How Hostname Matching Works

Decipher matches hostnames using subdomain matching. When you add a hostname like vercel.app, it will match any URL whose host ends with that value — for example my-app-git-feat-acme.vercel.app. This means you only need one entry per hosting provider, not one per preview URL.

Setting Up Custom Host Headers

  1. Go to Settings > Testing
  2. Under Custom Host Headers, click Add Hostname
  3. Enter the hostname to match (e.g., vercel.app)
  4. Add one or more HTTP headers as key-value pairs
  5. Click Save
Any test that navigates to a matching URL will automatically include the configured headers in its requests.

Vercel Example

Vercel’s Deployment Protection blocks unauthenticated access to preview deployments. You can bypass it by sending a secret header.

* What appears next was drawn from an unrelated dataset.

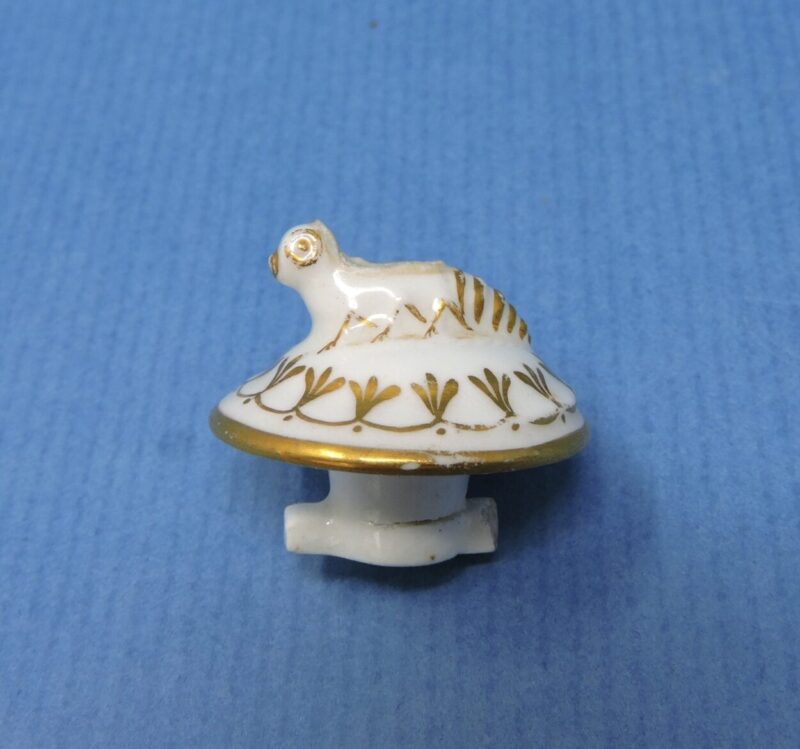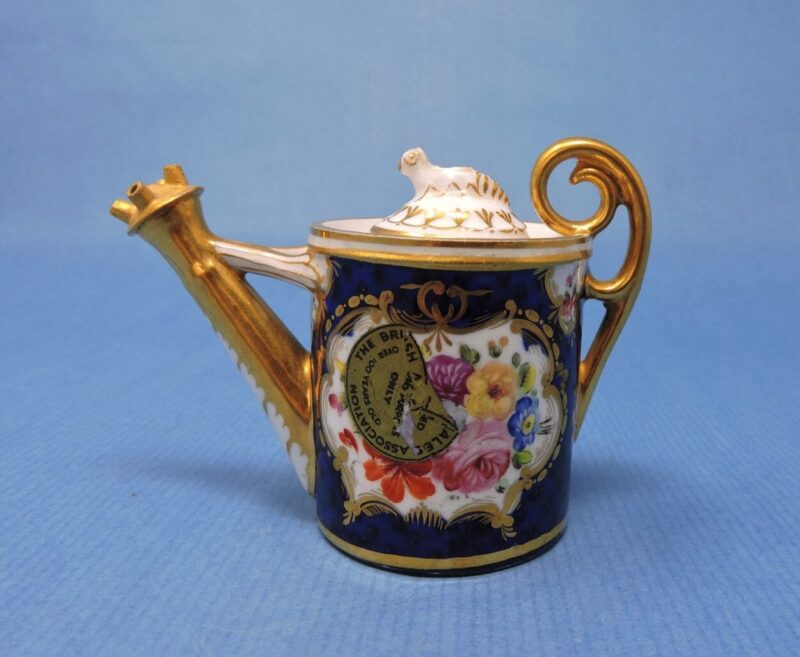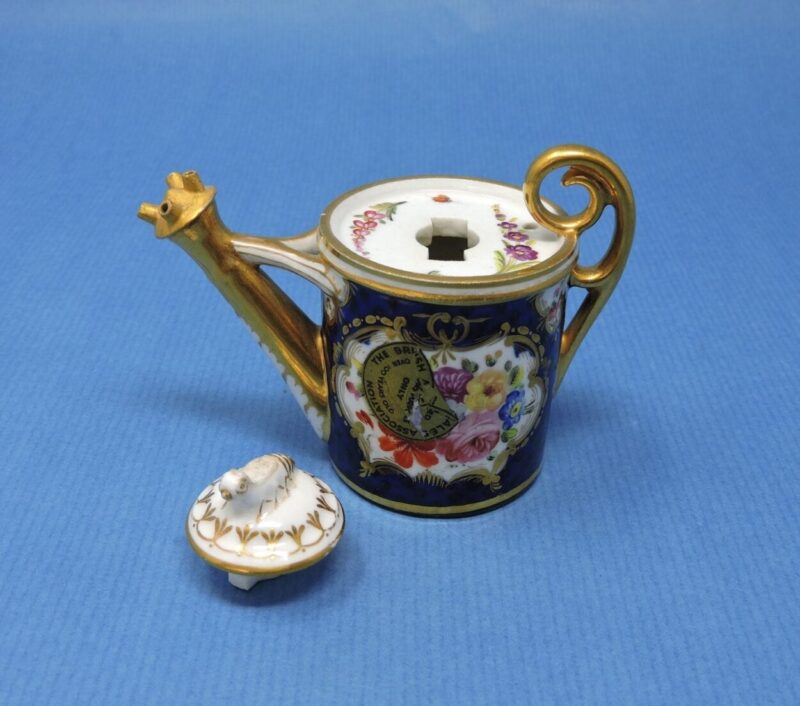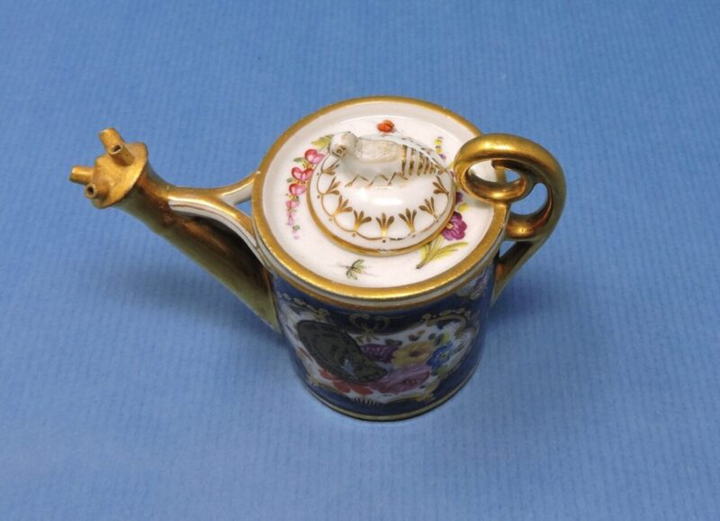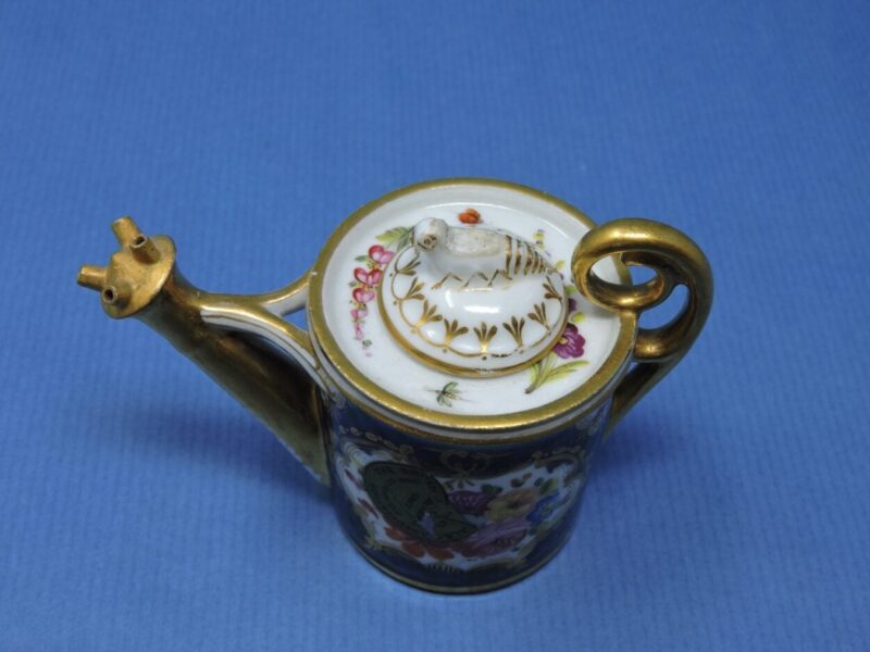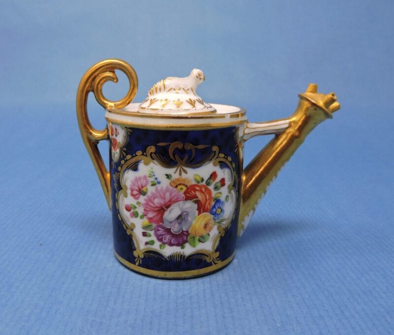 PorcelainsA miniature porcelain watering can with a sheep finial on the lid and 4 holes on the spout, dating from the early 19th century.

Step 1 — Get your bypass secret

  1. Open your Vercel project’s Settings > Deployment Protection
  2. Under Protection Bypass for Automation, copy the secret value

Step 2 — Add the hostname and header in Decipher

  1. In Decipher, go to Settings > Testing and find Custom Host Headers
  2. Click Add Hostname and enter vercel.app
  3. Add a header:
    • Key: x-vercel-protection-bypass
    • Value: the secret you copied from Vercel
  4. Click Save
Decipher’s test runner automatically injects the companion header x-vercel-set-bypass-cookie: samesitenone alongside your bypass header so the protection cookie works correctly across navigations.

Custom Script

Sometimes static HTTP headers aren’t enough — for example, when you need to compute an HMAC signature, attach a rotating token, or dynamically modify requests at runtime. Custom Script lets you write a JavaScript snippet that runs in the browser before any page scripts on every page load during a test.

When It Runs

Whenever a test navigates to a URL whose host matches the configured hostname, the script is injected and executed before the page’s own scripts run. This happens on every navigation (initial load, client-side route change, or redirect) to the matching host.

What It Has Access To

The script runs in the page’s browser context, so it has access to all standard browser APIs:
  • window and document
  • fetch and XMLHttpRequest
  • localStorage and sessionStorage
  • Cookies via document.cookie

Setting Up a Custom Script

  1. Go to Settings > Testing
  2. Under Custom Host Headers, click Add Hostname (or edit an existing one)
  3. Write your JavaScript in the Custom Script editor
  4. Click Save

Example — Injecting a Header into Every Fetch Request

const originalFetch = window.fetch;
window.fetch = function (...args) {
  let [resource, config] = args;
  config = config || {};
  config.headers = {
    ...config.headers,
    "my-header": "my-value",
  };
  return originalFetch(resource, config);
};
Custom Script and HTTP headers can be used together on the same hostname. HTTP headers are added to every outgoing request at the network level, while the custom script runs in the page’s JavaScript context.